Among the entries below, the lines from the one with "本文希望探索一种 DLRS 系统设计方案,能够在不降低" up to and including the one with "Cute and kitschy" are to be restated exactly, without pictures.

__PROVIDED DATA__
════════════════

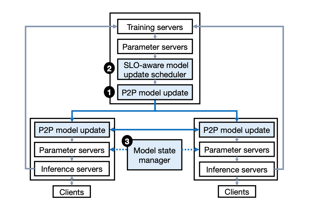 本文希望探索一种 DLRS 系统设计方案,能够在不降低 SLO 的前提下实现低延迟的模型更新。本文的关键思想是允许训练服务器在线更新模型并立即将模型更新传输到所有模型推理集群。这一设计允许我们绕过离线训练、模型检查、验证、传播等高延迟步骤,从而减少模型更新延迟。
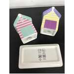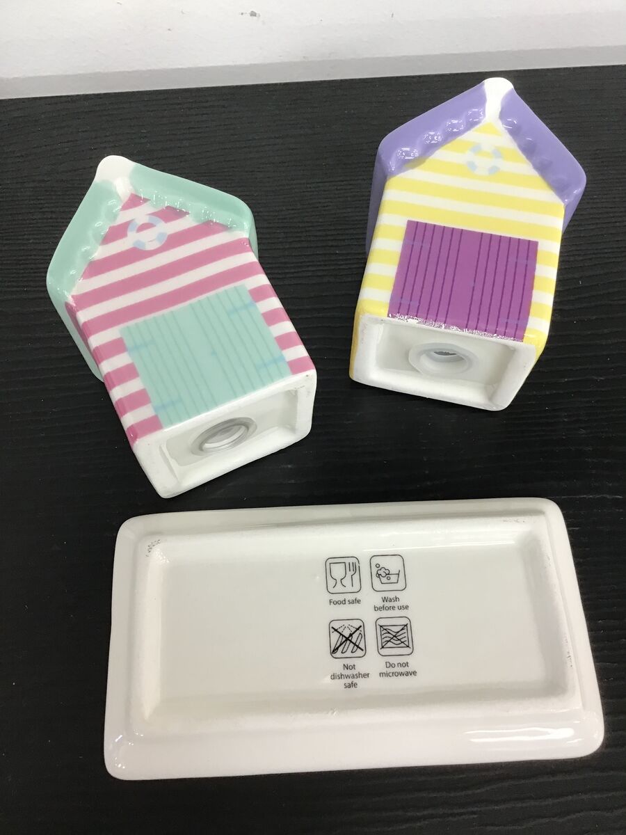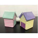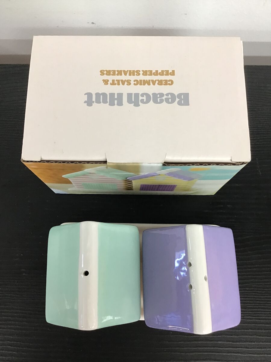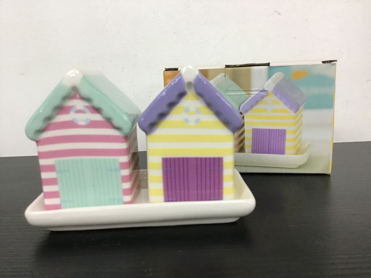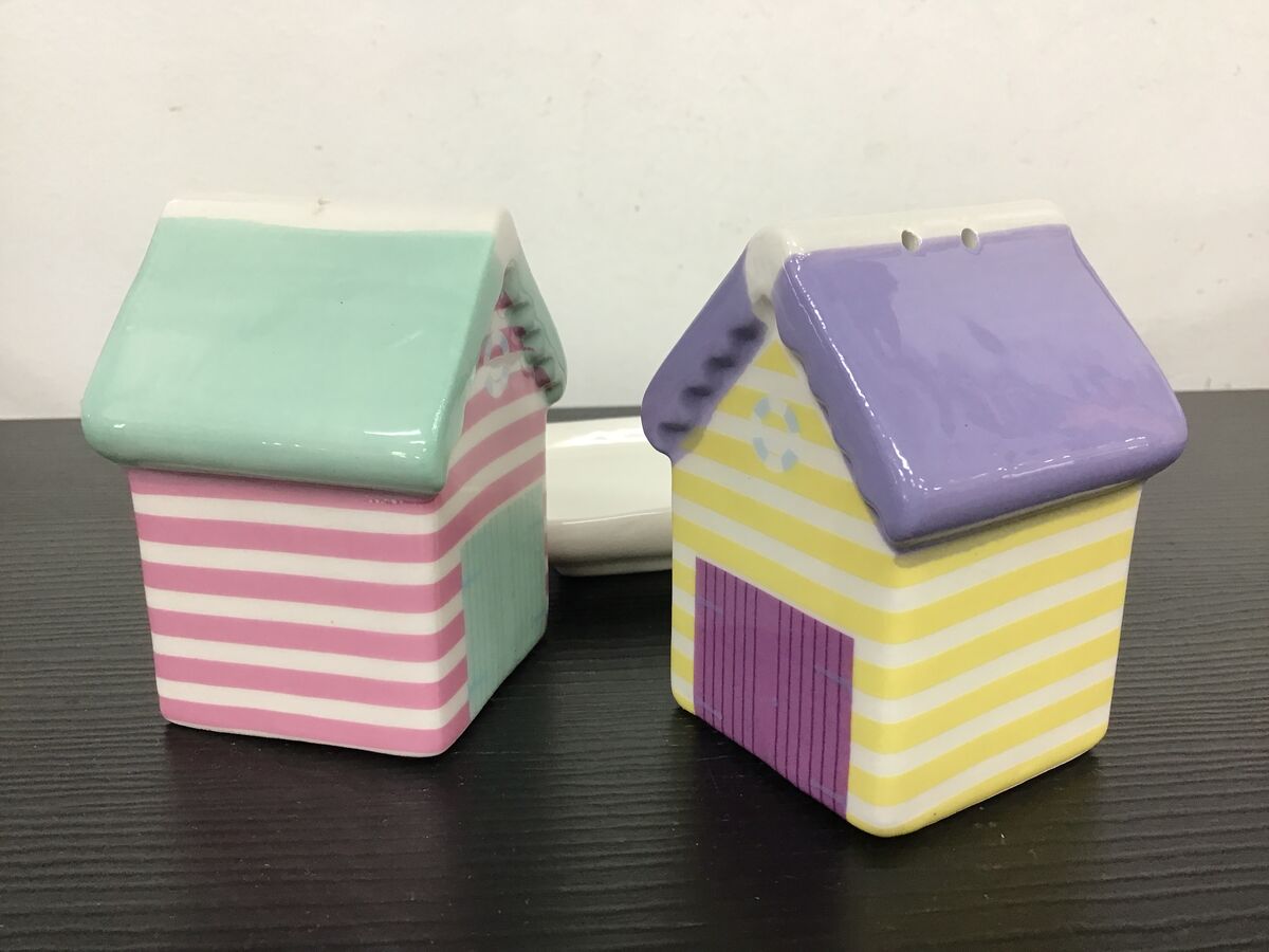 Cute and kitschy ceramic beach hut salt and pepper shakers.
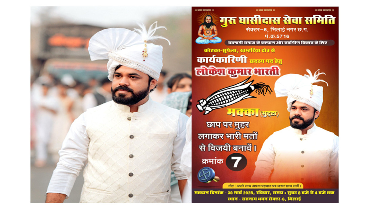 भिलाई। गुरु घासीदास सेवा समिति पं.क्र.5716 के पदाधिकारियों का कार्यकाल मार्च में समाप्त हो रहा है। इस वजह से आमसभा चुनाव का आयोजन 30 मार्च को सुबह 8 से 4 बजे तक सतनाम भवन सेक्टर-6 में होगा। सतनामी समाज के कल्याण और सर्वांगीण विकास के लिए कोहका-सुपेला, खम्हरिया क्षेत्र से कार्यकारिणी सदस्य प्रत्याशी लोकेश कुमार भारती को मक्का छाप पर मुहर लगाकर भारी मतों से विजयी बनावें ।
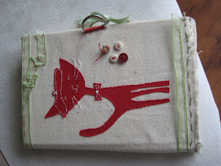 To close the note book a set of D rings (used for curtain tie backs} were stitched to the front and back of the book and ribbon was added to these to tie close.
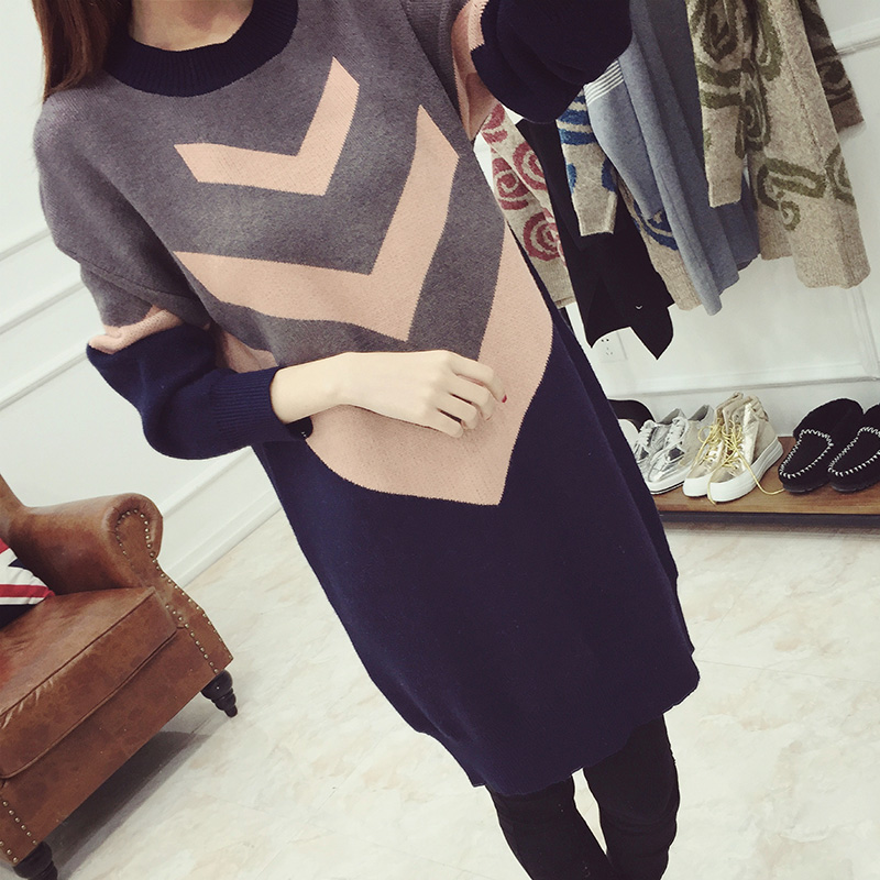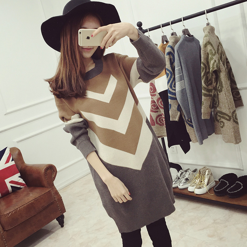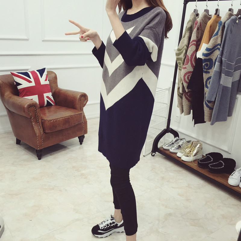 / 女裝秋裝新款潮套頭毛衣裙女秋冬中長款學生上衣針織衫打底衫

════════════════

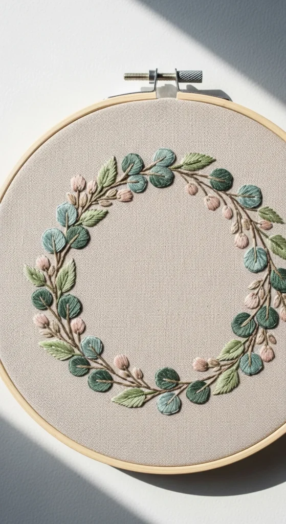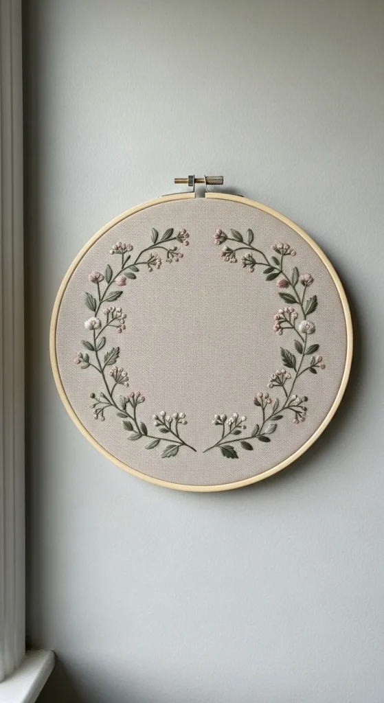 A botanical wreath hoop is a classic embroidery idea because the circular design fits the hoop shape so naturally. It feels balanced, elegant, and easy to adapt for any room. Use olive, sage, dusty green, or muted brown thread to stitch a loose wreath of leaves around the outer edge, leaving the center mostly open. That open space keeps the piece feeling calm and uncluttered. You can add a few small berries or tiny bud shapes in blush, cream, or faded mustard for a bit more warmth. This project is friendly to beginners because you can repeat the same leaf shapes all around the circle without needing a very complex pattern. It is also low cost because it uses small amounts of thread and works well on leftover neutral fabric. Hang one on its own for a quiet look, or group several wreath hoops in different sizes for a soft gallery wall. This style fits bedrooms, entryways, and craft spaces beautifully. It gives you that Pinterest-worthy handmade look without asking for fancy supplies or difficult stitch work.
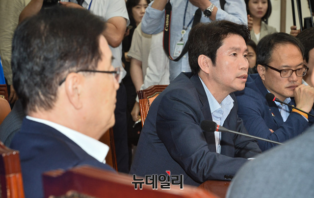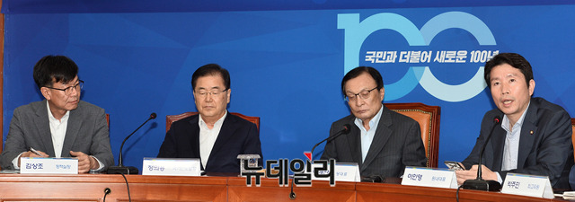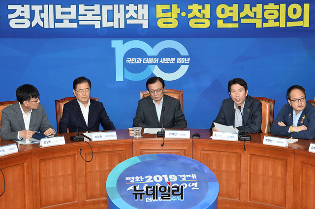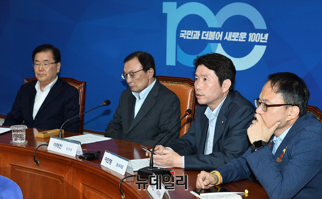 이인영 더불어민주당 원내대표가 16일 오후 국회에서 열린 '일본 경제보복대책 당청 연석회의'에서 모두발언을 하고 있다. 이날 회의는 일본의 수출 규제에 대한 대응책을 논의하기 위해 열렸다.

════════════════

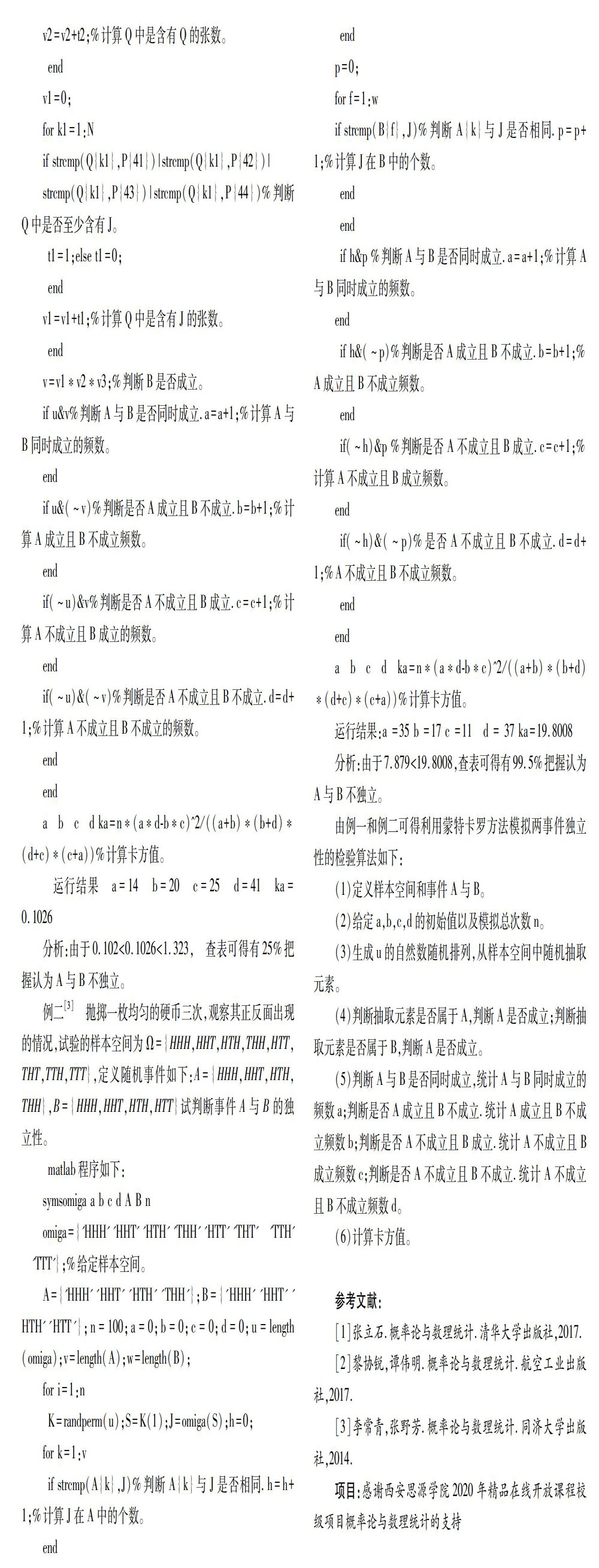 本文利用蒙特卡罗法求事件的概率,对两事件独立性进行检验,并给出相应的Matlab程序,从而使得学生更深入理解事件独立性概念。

════════════════

__YOUR RESPONSE__
 本文希望探索一种 DLRS 系统设计方案,能够在不降低 SLO 的前提下实现低延迟的模型更新。本文的关键思想是允许训练服务器在线更新模型并立即将模型更新传输到所有模型推理集群。这一设计允许我们绕过离线训练、模型检查、验证、传播等高延迟步骤,从而减少模型更新延迟。
 Cute and kitschy ceramic beach hut salt and pepper shakers.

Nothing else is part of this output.